**Instructions for the task**
Pictures must not appear in the copy. Restate exactly the lines below from the one with "Sequences from time" through the one with "高壓插頭螺母固定式5000V公頭內針壓接50-3線連接器", inclusive.

======== Excerpted records ========

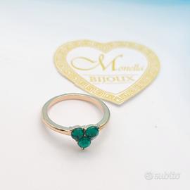 Anello Donna Dorato Con Pietra Verde Misura 17
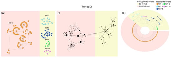 Sequences from time period 2 of the SARS-CoV-2 case study: networks generated by VirNA (panel (A)), network computed by PoPArt [] (panel (B)), and phylogenetic tree constructed using RAxML [] (panel (C)). In the MSNs computed by VirNA (panel (A)), the direction of arrows follows the principle of mutation accumulation. The background color in the phylogenetic tree (panel (C)) represents the viral variants of the terminal nodes and is consistently applied to the networks in panels (A,B). The color coding of networks in VirNA MSNs (panel (A)) is mirrored in the terminal nodes of the phylogenetic tree (panel (C)).
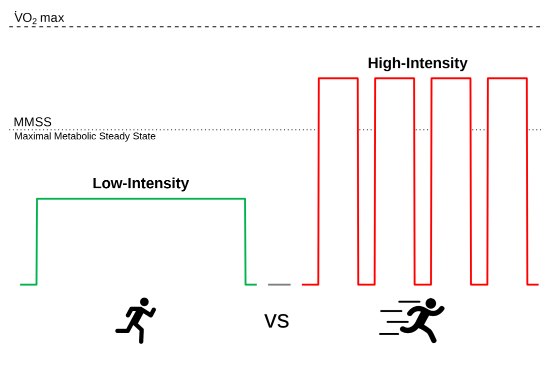 A meta-analysis on endurance athletes' training found that while high-intensity interval training (HIIT) above the maximal metabolic steady state (MMSS) significantly improved oxygen uptake (V̇O2peak), there was no detectable difference in time-trial (TT) performance. This suggests that although increased V̇O2peak is achievable through HIIT, translating it into enhanced TT performance may require a different approach or potentially longer timeframes. The findings may inform athletes on balancing low/intermediate intensity and HIIT sessions.
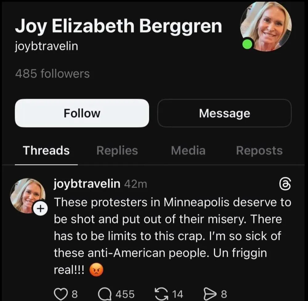 Joy Berggren used social media to call Minneapolis protestors un-American, said their speech should be limited, and called for them to be shot.
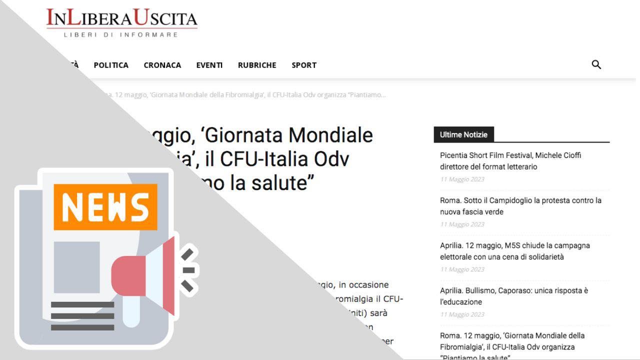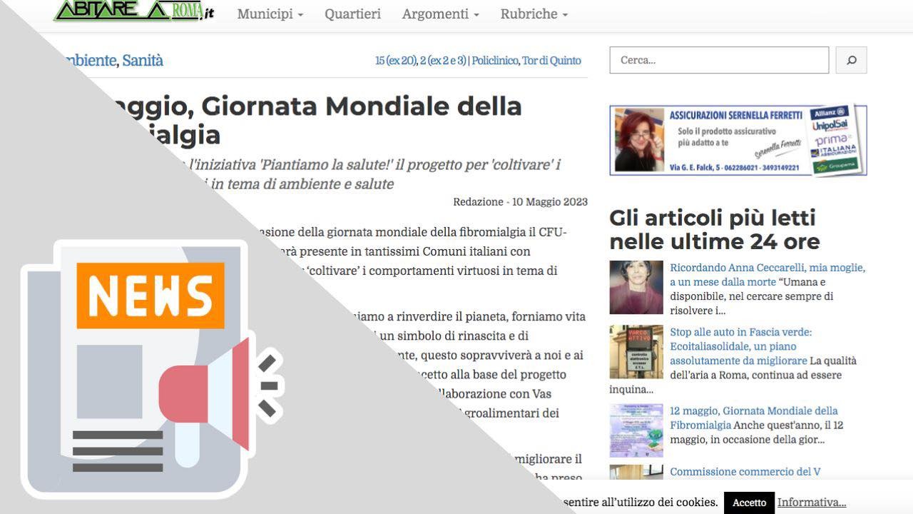 /in Eventi, Fibromialgia, News, Rassegna Stampa(IN LIBERA USCITA) ROMA. 12 MAGGIO, ‘GIORNATA MONDIALE DELLA FIBROMIALGIA’, IL CFU-ITALIA ODV ORGANIZZA “PIANTIAMO LA SALUTE”
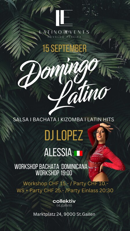 ‼️‼️Domingo Latino‼️‼️ Workshop Bachata Dominicana By: Alessia 🇮🇹 Music by: Dj Lopez #SALSEROSSILLAMANYOVENGO🎵🎶 #ESOOOO💃🏼🕺 Jeden Sonntag findet jetzt neue in Collektiv am Marktplatz 24 St. Gallen der Tanz-Event DOMINGO LATINO statt. Wie immer erwarten euch Osvaldo und seine resident DJs. Kommt vorbei und tanzt in einem tollen Ambiente zu sensationellen Musik. 💃🏽🕺🏻 #ABAILAR #bachata #latinamericandance #salsacubana #salsabachata #kizombaaddict #latino #salsadancing #socialdance #DomingoLatino #fiestalatina # #sundayfunday
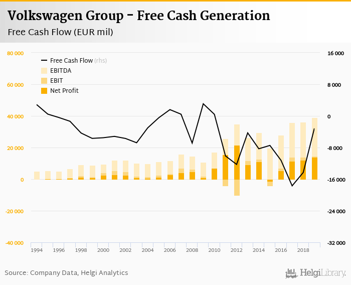 The company generated cash, defined by a sum of net profit and depreciation, of EUR 33,562 mil or 13.3% of sales. When investments are excluded, free cash flow reached EUR -3,163 mil, or -1.25% of sales in 2019.
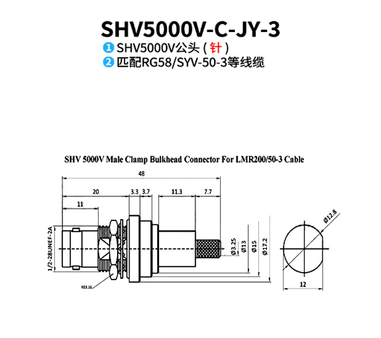 高壓插頭螺母固定式5000V公頭內針壓接50-3線連接器
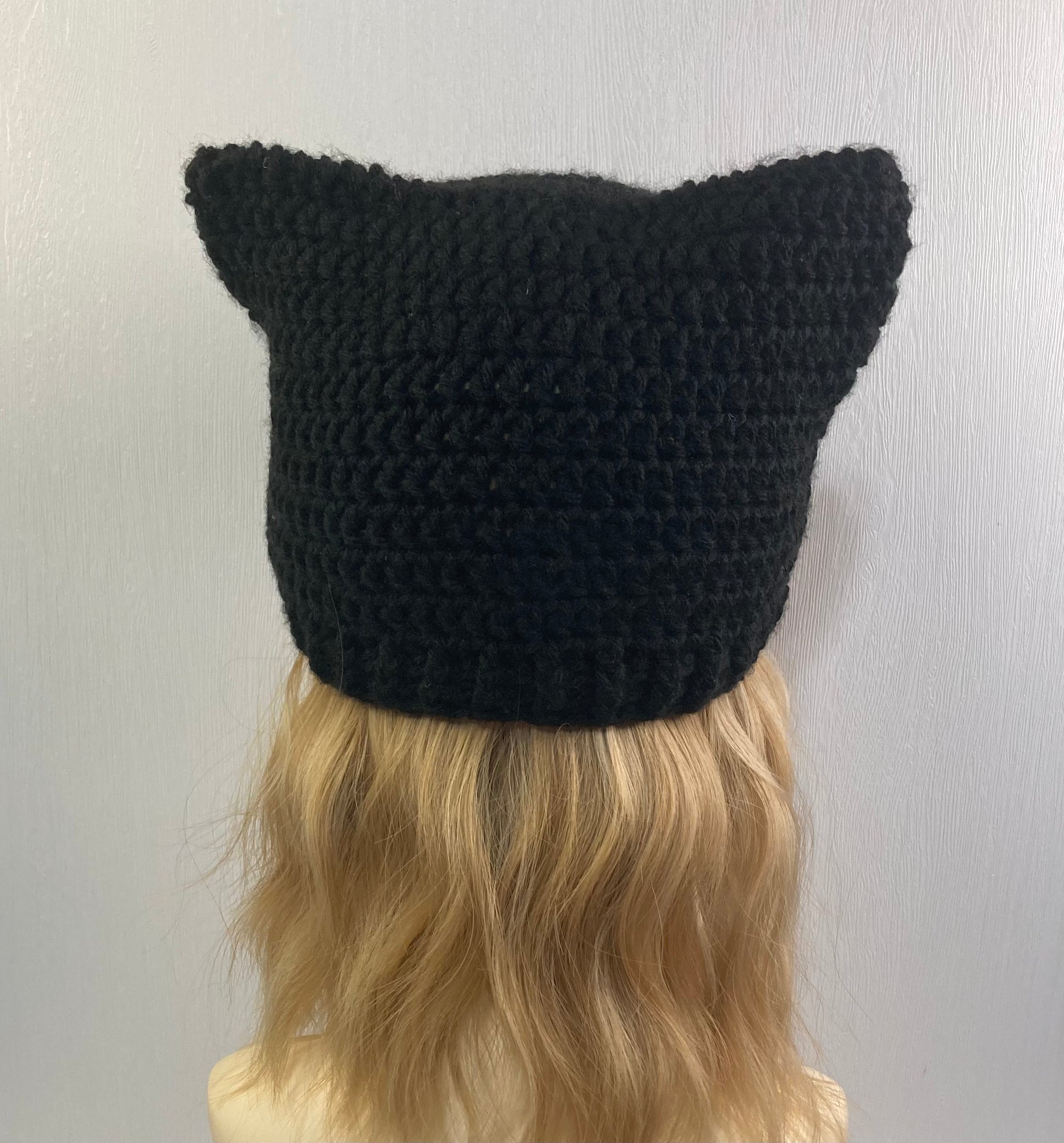 This handmade crochet Cat Ear Beanie is a stylish accessory perfect for adding a fun touch to your outfit. This is a rectangle shaped beanie that, when worn, takes a cat ear-like shape. Perfect for keeping you warm while adding a touch of whimsy to any outfit.
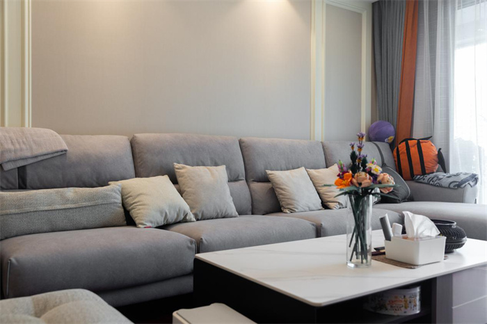 客厅整体由电视背景墙、茶几和沙发组成,绿植和花瓶的摆放让客厅空间熠熠生辉。
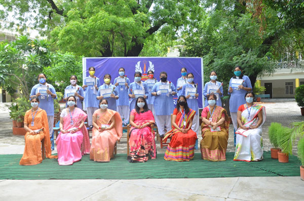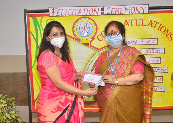 Following the same the Management felicitated their toppers of AISSCE and AISSE 2019 - 2020 giving them the cheques and the certificates under Lalita Dhawan Scholarships Scheme.
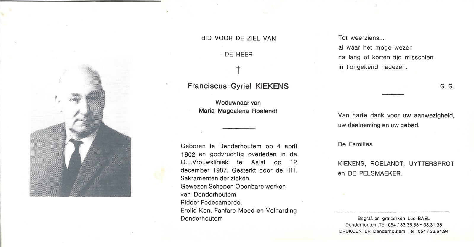 | Kiekens Franciscus, Schepen Denderhoutem | Denderhoutem | 04/04/1902 | Aalst | 12/12/1987 |

========

**Reply to the exercise**
 Sequences from time period 2 of the SARS-CoV-2 case study: networks generated by VirNA (panel (A)), network computed by PoPArt [] (panel (B)), and phylogenetic tree constructed using RAxML [] (panel (C)). In the MSNs computed by VirNA (panel (A)), the direction of arrows follows the principle of mutation accumulation. The background color in the phylogenetic tree (panel (C)) represents the viral variants of the terminal nodes and is consistently applied to the networks in panels (A,B). The color coding of networks in VirNA MSNs (panel (A)) is mirrored in the terminal nodes of the phylogenetic tree (panel (C)).
 A meta-analysis on endurance athletes' training found that while high-intensity interval training (HIIT) above the maximal metabolic steady state (MMSS) significantly improved oxygen uptake (V̇O2peak), there was no detectable difference in time-trial (TT) performance. This suggests that although increased V̇O2peak is achievable through HIIT, translating it into enhanced TT performance may require a different approach or potentially longer timeframes. The findings may inform athletes on balancing low/intermediate intensity and HIIT sessions.
 Joy Berggren used social media to call Minneapolis protestors un-American, said their speech should be limited, and called for them to be shot.
 /in Eventi, Fibromialgia, News, Rassegna Stampa(IN LIBERA USCITA) ROMA. 12 MAGGIO, ‘GIORNATA MONDIALE DELLA FIBROMIALGIA’, IL CFU-ITALIA ODV ORGANIZZA “PIANTIAMO LA SALUTE”
 ‼️‼️Domingo Latino‼️‼️ Workshop Bachata Dominicana By: Alessia 🇮🇹 Music by: Dj Lopez #SALSEROSSILLAMANYOVENGO🎵🎶 #ESOOOO💃🏼🕺 Jeden Sonntag findet jetzt neue in Collektiv am Marktplatz 24 St. Gallen der Tanz-Event DOMINGO LATINO statt. Wie immer erwarten euch Osvaldo und seine resident DJs. Kommt vorbei und tanzt in einem tollen Ambiente zu sensationellen Musik. 💃🏽🕺🏻 #ABAILAR #bachata #latinamericandance #salsacubana #salsabachata #kizombaaddict #latino #salsadancing #socialdance #DomingoLatino #fiestalatina # #sundayfunday
 The company generated cash, defined by a sum of net profit and depreciation, of EUR 33,562 mil or 13.3% of sales. When investments are excluded, free cash flow reached EUR -3,163 mil, or -1.25% of sales in 2019.
 高壓插頭螺母固定式5000V公頭內針壓接50-3線連接器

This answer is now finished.